The bad influence comes in the form of Carl, a slightly older boy whom Ben encounters bouncing a ball as high as he can in the street. It is clear that Carl is a troubled child when he starts messing around with a chainsaw in Ben's back garden. After he waves it around in front of Ben's father's face, it is obvious that hanging out with Carl will lead to nothing but trouble. For Ben, this incident reverses the balance of power: despite all his dad's assured control, there is not much even he can do against a boy with a chainsaw.

Carl's malign influence on Ben's world spreads like a virus to his sister and, most threateningly, to Olly. Sutcliffe portrays Carl with increasing menace. A dysfunctional child from a broken home, he is the personification of all that Ben's parents fear. He is the sort of kid who will ride down the steepest hill in the park and not care about falling off, or steal from a sweet shop just for something to do.

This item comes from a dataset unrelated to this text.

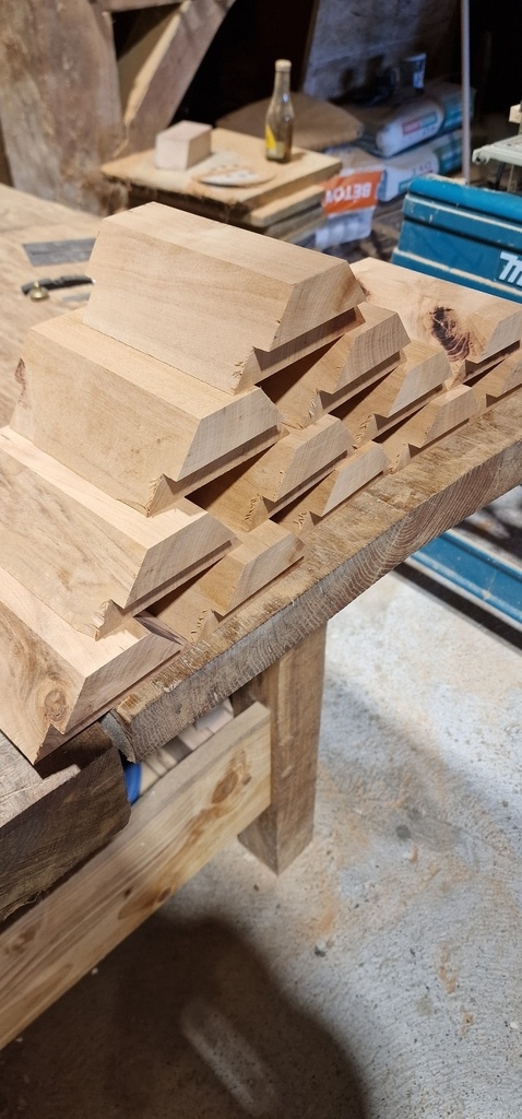 Entièrement fait en cerisier, sculpté au ciseaux a bois et dégrossi a la défonceuse.

His effect on Ben is like a drug: "I know he's bad, but I want to be with him." The attraction lies in the possibility of the unexpected: "With him around, things happen. New things." Carl drags Ben and Olly towards what they like to think is grown-up behaviour.

Ben tags along on bike trips to Wemb-ley, plays violent games with a deck of cards and even skips school. Sutcliffe relates these scenes with comic precision, describing Ben's inner conflict with rare understanding. Poor Ben wants to save his best friend from this "nutcase" - but, most importantly, he has to stay popular at the same time.

At once innocent and intelligent, Ben makes a sympathetic narrator. Unlike so many novels told from a child's perspective, Sutcliffe spares us from tiresome fantasies or maudlin confessions. His skill lies in his ability to invest everyday situations with excitement and adventure. He allows readers to become young again, and reminds us just how difficult and perplexing life can be when you are ten.